Lors du Grand Prix des Pays-Bas, les commissaires ont activé la voiture de sécurité virtuelle, une tactique qui perd en popularité, surtout lorsqu'une voiture de sécurité physique serait plus appropriée.
Les décisions incohérentes des commissaires commencent à apparaître comme une variable cachée susceptible de faire pencher la balance d'un Grand Prix. La dernière course en a fourni une illustration frappante : lors des essais libres, Lewis Hamilton a frôlé trois rivaux sans recevoir aucune réprimande, tandis que d'autres pilotes ont été pénalisés pour des manœuvres similaires. Cette disparité a donné le ton d'un week-end où les décisions des officiels semblaient aussi imprévisibles que la météo.
Le drame s'est intensifié le jour de la course lorsque Yuki Tsunoda, pilote d'AlphaTauri, a arrêté sa voiture à deux reprises sur le bord de la piste. Le premier arrêt lui a permis de redémarrer, mais un deuxième problème, plus grave, l'a contraint à abandonner. La voiture en panne se trouvant à proximité d'une voie d'évacuation, la direction de course a opté pour un safety car virtuel (VSC) plutôt que de déployer un safety car à grande échelle. Les critiques affirment qu'en l'absence de véhicule de dépannage à proximité, une véritable voiture de sécurité aurait été la réponse appropriée.
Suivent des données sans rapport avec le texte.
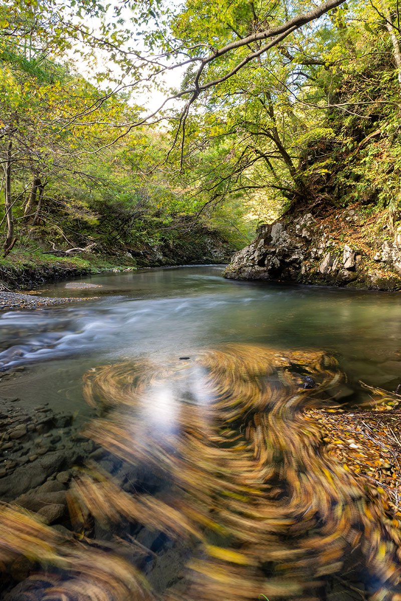 通行止めバリケードの手前で車を降り、カメラを持って門前川の河原に下りる。平野部から少し山手へ入っただけなのに風景は一変、深い森に囲まれて、秘境のような雰囲気だった。

La VSC est restée en place bien plus longtemps que nécessaire, ralentissant le rythme de la course et frustrant à la fois les pilotes et les spectateurs.
Quelques tours plus tard, Valtteri Bottas s'est arrêté sur la ligne droite principale, son abandon étant inévitable, mais dans ce cas, correctement géré par les commissaires. Le contraste entre le VSC prolongé de Tsunoda et la résolution rapide du cas de Bottas a mis en évidence l'absence d'un protocole clair et cohérent.
De nombreux fans et experts affirment désormais que le VSC devrait être réservé aux séances d'essais libres, où son impact sur le spectacle est minime. Dans une course, une véritable voiture de sécurité peut susciter l'enthousiasme, bouleverser les stratégies et maintenir la compétition en vie, parfois au détriment des efforts d'un pilote individuel, mais toujours dans l'esprit de la course. L'ambiguïté actuelle quant à l'utilisation des mesures de sécurité virtuelles ou réelles risque de nuire au caractère spectaculaire qui rend la Formule 1 si captivante.